Le patron a pris position sur la question de la dette française.

Le 8 septembre prochain, le Premier ministre François Bayrou sollicitera un vote de confiance de l’Assemblée nationale en prévision du prochain budget. Dans sa communication, ce dernier multiplie les messages concernant la dette française et l’état des finances publiques.

Cela n’a pas échappé à Michel-Édouard Leclerc, président du comité stratégique du leader français des supermarchés E.Leclerc, qui a commenté cette actualité lors de son passage au JT de 20h de France 2 ce lundi 1er septembre.

« Utilisons l’argent des riches »

Le dirigeant déplore la « dramaturgie » autour de ce sujet de la part du gouvernement. Il ajoute : « Personne ne parle de croissance (…) la meilleure manière de rembourser une dette, c’est d’aller chercher du chiffre d’affaires, c’est d’aller chercher de la croissance ». Et ce dernier d’asséner : « Ce n’est pas la peur qui va mobiliser les Français ».

Il a rappelé au passage que 10 millions de personnes vivent sous le seuil de pauvreté en France. Dans ce contexte économique et social tourmenté : « l’illisibilité, les effets d’annonce, aussi bien des parlementaires que du gouvernement, accroissent cette anxiété ».

D’après lui, la principale menace qui pèse sur la France ne vient pas des financiers, mais d’une possible baisse de la consommation qui viendrait à son tour freiner la croissance française et impacter l’économie tricolore.

Michel-Édouard Leclerc a par ailleurs prôné un investissement dans les services publics : « Utilisons l’argent des riches, créons un fonds souverain. Il y a des actifs à la clé, ce n’est pas grave de faire de la dette pour financer des actifs ».

Michel-Édouard Leclerc, un patron très politique

Pour rappel, Michel-Édouard Leclerc a pris l’habitude de commenter l’actualité économique et politique française, si bien que certains lui prêtent des intentions pour l’élection présidentielle de 2027, même s’il a de nouveau nié cette idée lors de sa dernière intervention.
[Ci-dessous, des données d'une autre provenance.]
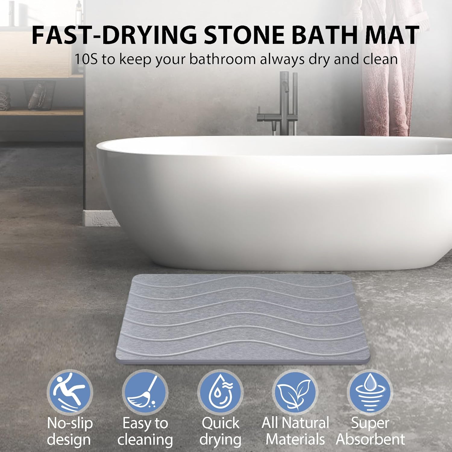 - 【Fast Drying & Super Absorbent】Our stone bath mats are designed with strong water absorption and instant drying capabilities, ensuring your feet dry quickly and maintaining a dry and tidy bathroom space.
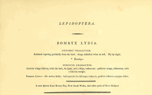 - Original description: Donovan, E. (1805): An Epitome of the Natural History of the Insects of New Holland, New Zealand, New Guinea, Otaheite, and other Islands in the Indian, Southern, and Pacific Oceans: Including the Figures and Descriptions of One Hundred and Fifty-Three Species of the more Splendid, Beautiful, and Interesting Insects, Hitherto Discovered in those Countries, and which for the most Part have not Appeared in the Works of any Preceding Author. The Figures are Correctly Delineated from Specimens of the Insects; and with the Descriptions are Arranged According to the Linnæan System, with Reference to the Writings of Fabricius and other Entomologists: I-IV; pl. [1]-[41]; unpaginated text pages. London.
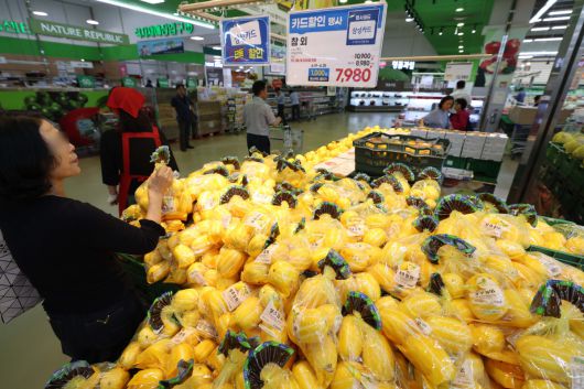 지난달 농산물과 석탄 등 에너지 가격이 하락하면서, 생산자물가가 1년 6개월 만에 가장 큰 폭으로 내렸다. 20일 한국은행에 따르면 5월 생산자물가지수는 2020년을 100으로 봤을 때, 직전 달보다 0.4% 낮은 119.66으로 집계됐다. 4월에 이어 두 달 연속 하락했으며 지난 2023년 11월 이후 가장 큰 내림폭이다. 직전 달과 비교해보면, 참외가 53%, 양파가 42% 가격이 떨어져 농림수산품이 4.4% 낮아졌고, 공산품 가운데서는 석탄·석유제품이 4.2% 하락해 생산자물가를 끌어내렸다. 이날 서울의 한 대형마트에서 시민들이 장을 보고 있다. 신태현 기자 holjjak@ |
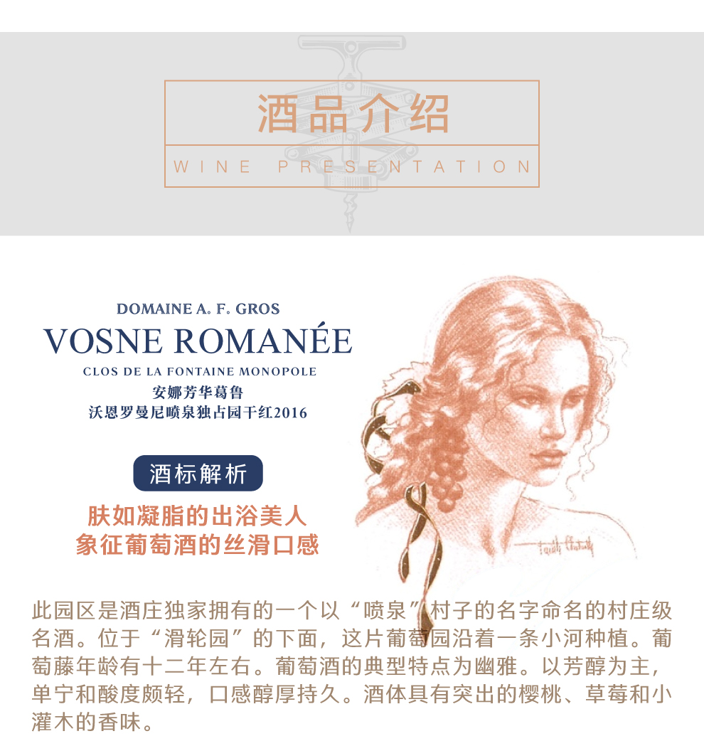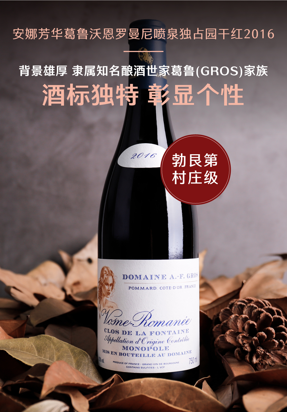 安娜芳华葛鲁沃恩罗曼尼喷泉独占园干红葡萄酒2016

Au printemps dernier, il appelait notamment à transférer une partie des charges sociales vers les sociétés opérant dans le secteur de « la robotique et du digital ». Il précisait ainsi :

Le vivier de ressources pour lequel on finance le système social français, c’est juste des entreprises qui créent des emplois, donc des cotisations patronales et cotisations salariales. Mais quand on fait venir l’IA, 100 milliards, quand on fait venir des robots, quand on développe le digital, ça ne cotise pas.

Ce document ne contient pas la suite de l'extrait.